Ask HN: What do startup companies want to see on your resume? - geuis

I'm fixing up my resume(CV) after a few years and I want to target startup companies. It'd be great to hear from some other folks at startups that either hire or have been hired about what should go into a modern resume.<p>(And of course, you should have your portfolio/github/etc. That's a given.)
======
scottyallen
When I look at resumes, I'm looking for a few things:

\- You're passionate about being a software engineer. This could manifest
itself as side projects, or simply showing that you were passionate about a
work project and went above and beyond.

\- You've had broad experience, and understand many areas, not just one narrow
area. This is less about specific programming languages as broader technology
areas. For instance, have you worked on performance tuning? Can you explain to
me how a network works in excruciating detail?

\- You have a formal CS education. Some may not care about this, but it's a
good indication that you have solid fundamentals, and understand things like
big O notation. If you're a new grad, getting good grades is important too.

\- Have you worked at another startup? If so, I want to know about it - it's
an indicator you understand what working at a startup entails.

------
petervandijck
1\. Your own projects.

2\. Your own projects, using interesting/relevant technologies.

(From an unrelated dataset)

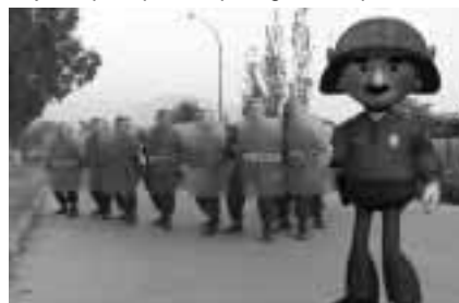
La apariencia de los efectivos policiales influye en la percepción de los manifestantes.
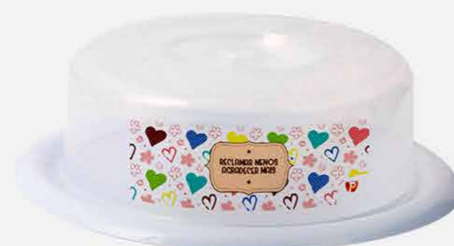
QUEIJEIRA - NEW DECOR

3\. Proof that you get Stuff Done (ie. your own projects).

4\. That you can wear multiple hats.

------
danzheng
stackoverflow, linkedin profile are helpful. A lot of startups prefer
generalists, showing breath and flexibility on your resume is a plus.

------
MenaMena123
Well I am barely getting things together in my startup and far from hiring
anyone yet. The key thing people are looking for aren't on a resume, what have
you created? What are you into? Show what you have built, if you haven't
create anything, better start. Yea, a resume can look great and have some big
names that look good, but when it really matters its what you have actually
been apart of or created.